1. Cases of “why-questions” in the Introduction.



2. Tiers of reasons why. Reason R why P, and reason why reason R is a reason. This distinction will
play a crucial role in his argument that the proliferating examples of non-causal explanations are
confused. (Though he substitutes “theory of answers to why-questions” for “theory of
explanation.”)

3. I am speechless at Skow's naïveté. He made a very useless point about the verb “to explain” and
the word “explanation” to designate answers to wh-questions other than “why,” such as explaining
how to get somewhere, or explaining that one is not feeling well, or explaining who will be at a
party, and so on. Then he says: what scientists are interested in are explanations in the context of
why questions so, for the sake of clarity, we should speak of a “theory of answers to why questions”
instead of a “theory of explanation.” Good thing philosophers are not directors of communication...

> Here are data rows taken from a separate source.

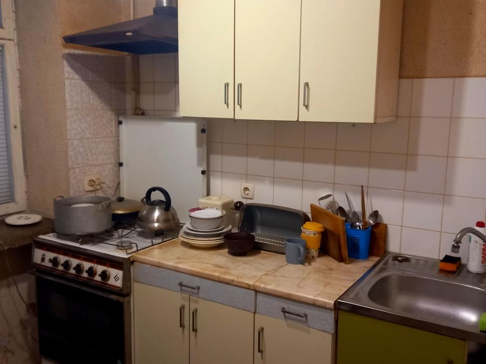 2 кімнати в 2-кімнатній квартирі, Комунальна квартира. Технологія будівництва - Цегляна, Тип будинку - Сталінка. Вид з вікон у двір, на проїжджу частину. Кімната Ізольована, Квартира перепланована. Є газ, кухонна плита газова. Гаряча вода - централізованна. Опалення центральне. Роздільний санвузол, туалет/ванна. Сантехніка потребує ремонту. Вхідні двері дерев'яні. Покриття підлоги - ламінат. Балкона немає. Лоджії немає. Стеля натяжна. Вікна дерев'яні, потребують ремонту. Міжкімнатні двері дерев'яні, потребують ремонту. В кімнаті є Пральна машина, Холодильник, Лічильники. Будинок побудований в 1970 році. Загальний стан кімнати - Без ремонту. Поруч є супермаркет, розважальні заклади, зупинки, дитсадок, школа, парк. Сантехніка потребує ремонту. Комісія за послуги 4 %
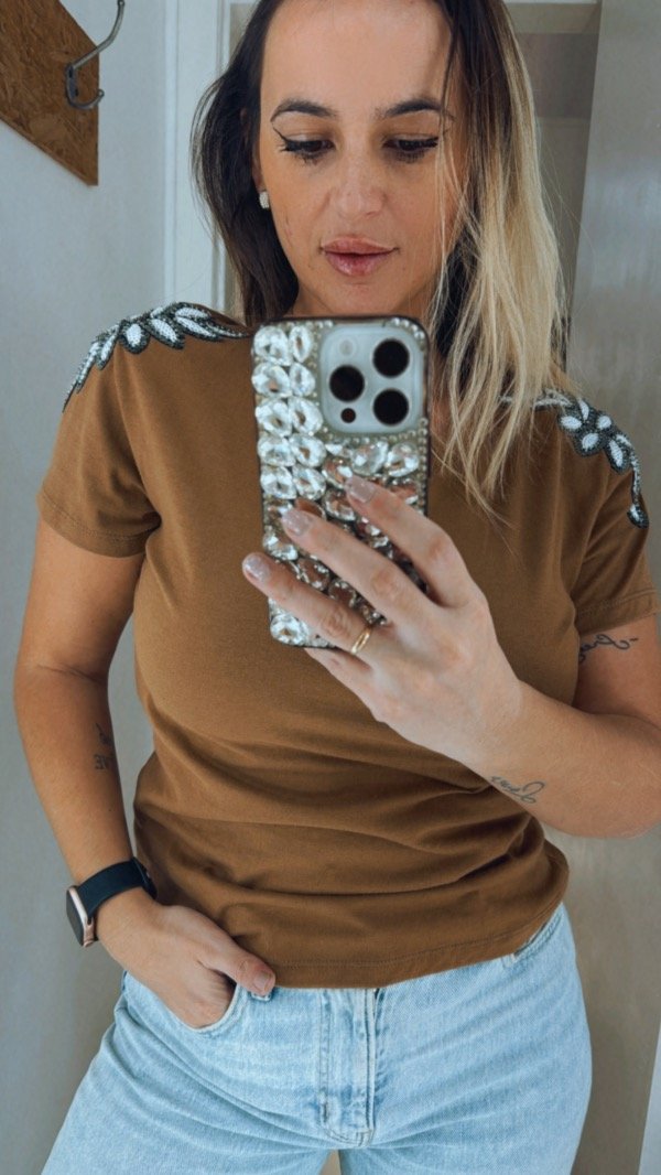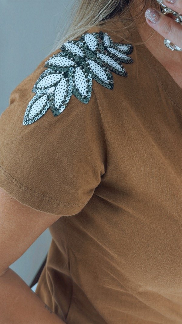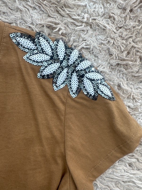 Algodón Peinado. Aplique de lentejuelas . Escote redondo
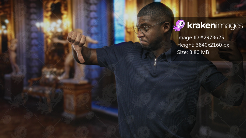 Man wearing glasses and navy polo showing thumbs up and thumbs down with both hands in an ornate museum interior while smiling broadly; playful ambivalence. - Kraken Images
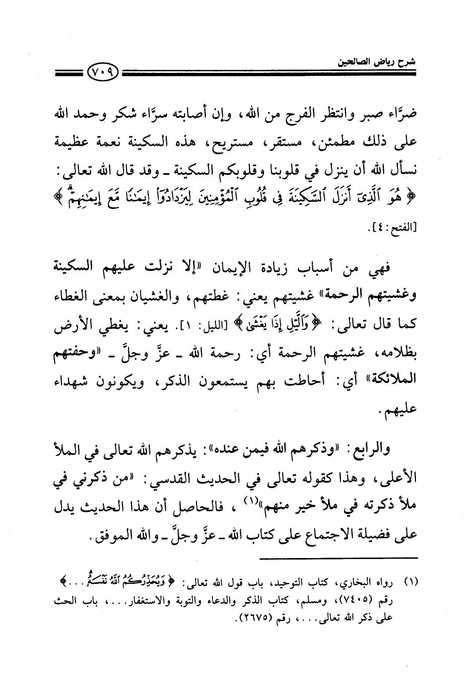 ضراء صبر وانتظر الأجر من الله وإن أصابته سراء شكر وحمد الله على ذلك مطمئن مستقر مستريح هذه السكينة نعمة عظيمة نسأل الله أن ينزل في قلوبنا وقلوبكم السكينة وقد قال الله تعالى {هو الذي أنزل السكينة في قلوب المؤمنين ليزدادوا إيمانا مع إيمانهم} فهي من أسباب زيادة الإيمان وغشيتهم الرحمة يعني غطتهم والغشيان بمعنى الغطاء كما قال تعالى {والليل إذا يغشى} يعني يغطي الأرض بظلامه & غشيتهم الرحمة أي رحمة الله عز وجل فتغشاهم وتحيط بهم وتكون لهم بمنزلة الغطاء الشامل لكل ما يحتاجون إليه من رحمة الله عز وجل وحفتهم الملائكة أحاطت بهم يستمعون الذكر ويكونون شهداء عليهم وذكرهم الله فيمن عنده يذكرهم الله تعالى في الملأ الأعلى وهذا كقوله تعالى في الحديث القدسي من ذكرني في ملأ ذكرته في ملأ خير منه وهذا الحديث يدل على فضيلة الاجتماع على كتاب الله عز وجل والله الموفق.

Every single philosopher in the entire existence of the Universe has dedicated perfectly the totality
of their time to studying what Skow calls a “theory of answers to why questions” by calling it
“theory of explanation.” In the entire history of the whole of the Multiverse, there is exactly a single
person which thinks that “theory of explanation” must mean, or suggests the meaning, of a theory of
explanations as speech acts (like illustrating and formulating, which Austin calls expositives). (It's
Skow.) They research what it is to be the answer to a why question.